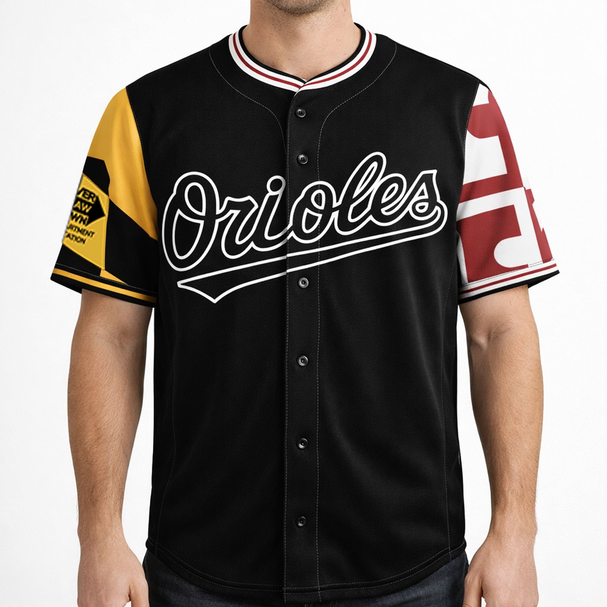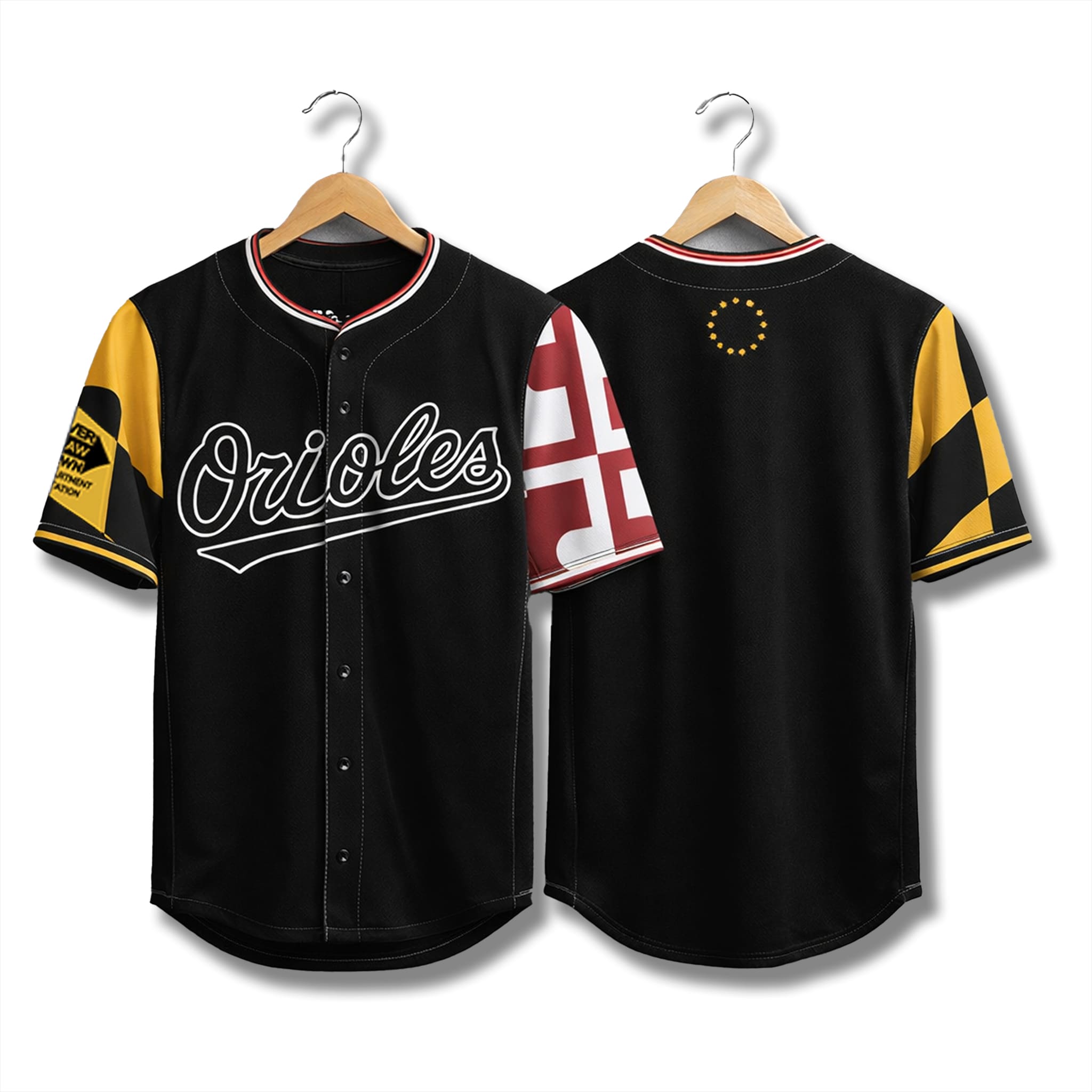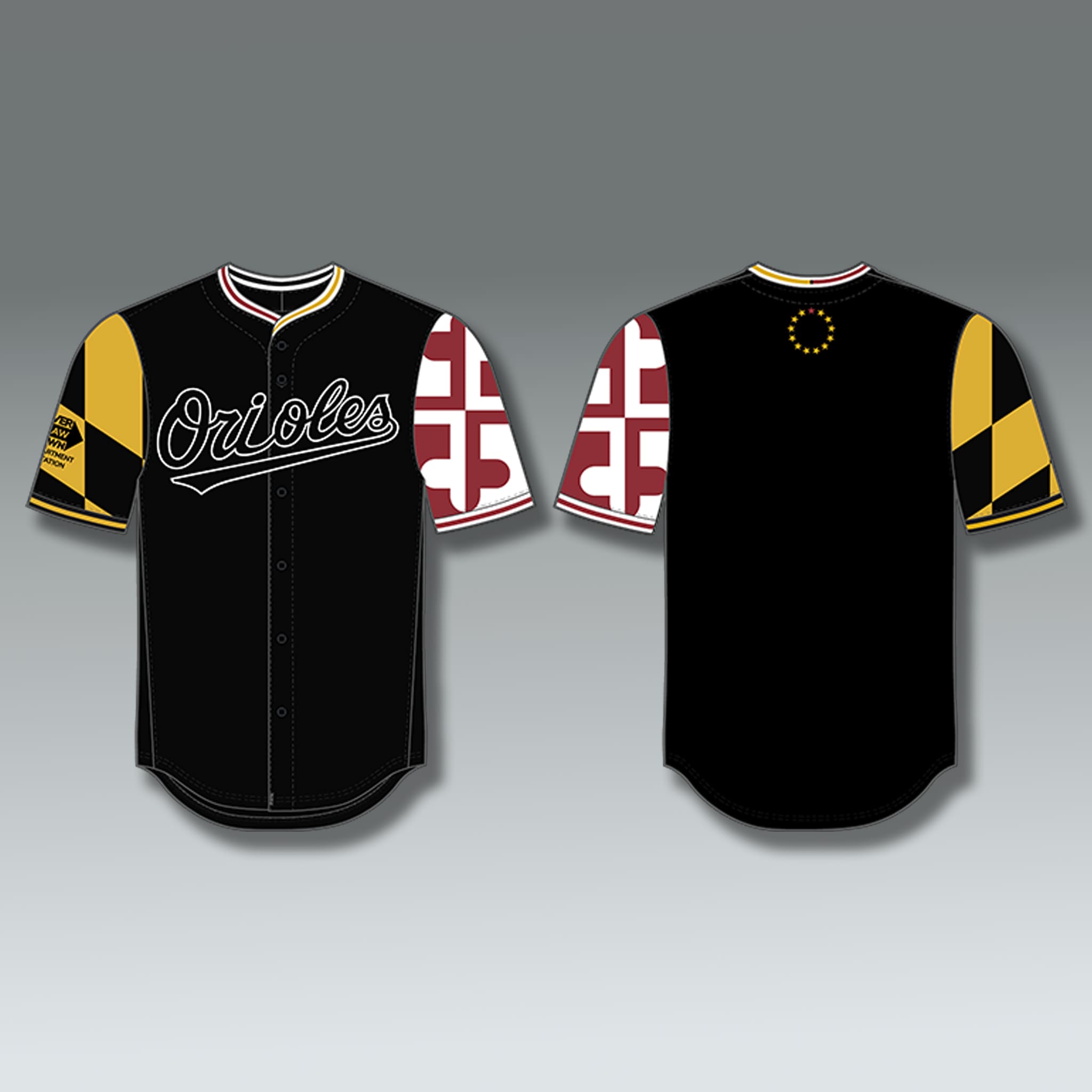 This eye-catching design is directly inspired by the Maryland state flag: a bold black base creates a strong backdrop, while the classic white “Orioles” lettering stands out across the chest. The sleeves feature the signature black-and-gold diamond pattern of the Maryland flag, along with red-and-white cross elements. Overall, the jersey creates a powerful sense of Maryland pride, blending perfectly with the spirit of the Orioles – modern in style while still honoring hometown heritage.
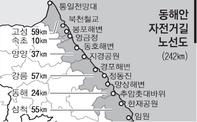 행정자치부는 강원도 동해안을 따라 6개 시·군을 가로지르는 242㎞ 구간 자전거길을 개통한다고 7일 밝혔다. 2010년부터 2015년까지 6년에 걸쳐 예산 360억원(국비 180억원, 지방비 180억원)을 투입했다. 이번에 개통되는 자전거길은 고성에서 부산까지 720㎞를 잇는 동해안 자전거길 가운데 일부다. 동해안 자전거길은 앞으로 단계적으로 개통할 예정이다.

^^^^^^^^

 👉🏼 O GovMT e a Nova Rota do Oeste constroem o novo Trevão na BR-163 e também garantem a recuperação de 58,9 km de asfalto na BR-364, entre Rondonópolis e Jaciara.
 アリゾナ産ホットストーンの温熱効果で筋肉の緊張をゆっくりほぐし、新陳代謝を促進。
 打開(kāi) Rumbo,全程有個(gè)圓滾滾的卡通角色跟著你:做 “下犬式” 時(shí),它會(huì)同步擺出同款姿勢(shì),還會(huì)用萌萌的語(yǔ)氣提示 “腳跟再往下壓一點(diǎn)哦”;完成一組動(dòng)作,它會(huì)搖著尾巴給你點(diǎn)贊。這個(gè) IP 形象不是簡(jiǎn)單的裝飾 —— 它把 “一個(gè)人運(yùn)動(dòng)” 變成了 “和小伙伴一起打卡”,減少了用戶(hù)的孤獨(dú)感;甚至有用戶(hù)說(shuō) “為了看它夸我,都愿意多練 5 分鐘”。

^^^^^^^^

In the material above, one part opens with the line containing "This eye-catching design" and closes with the line containing "행정자치부는 강원도 동해안을". Write out that part exactly and skip its pictures.

 This eye-catching design is directly inspired by the Maryland state flag: a bold black base creates a strong backdrop, while the classic white “Orioles” lettering stands out across the chest. The sleeves feature the signature black-and-gold diamond pattern of the Maryland flag, along with red-and-white cross elements. Overall, the jersey creates a powerful sense of Maryland pride, blending perfectly with the spirit of the Orioles – modern in style while still honoring hometown heritage.
 행정자치부는 강원도 동해안을 따라 6개 시·군을 가로지르는 242㎞ 구간 자전거길을 개통한다고 7일 밝혔다. 2010년부터 2015년까지 6년에 걸쳐 예산 360억원(국비 180억원, 지방비 180억원)을 투입했다. 이번에 개통되는 자전거길은 고성에서 부산까지 720㎞를 잇는 동해안 자전거길 가운데 일부다. 동해안 자전거길은 앞으로 단계적으로 개통할 예정이다.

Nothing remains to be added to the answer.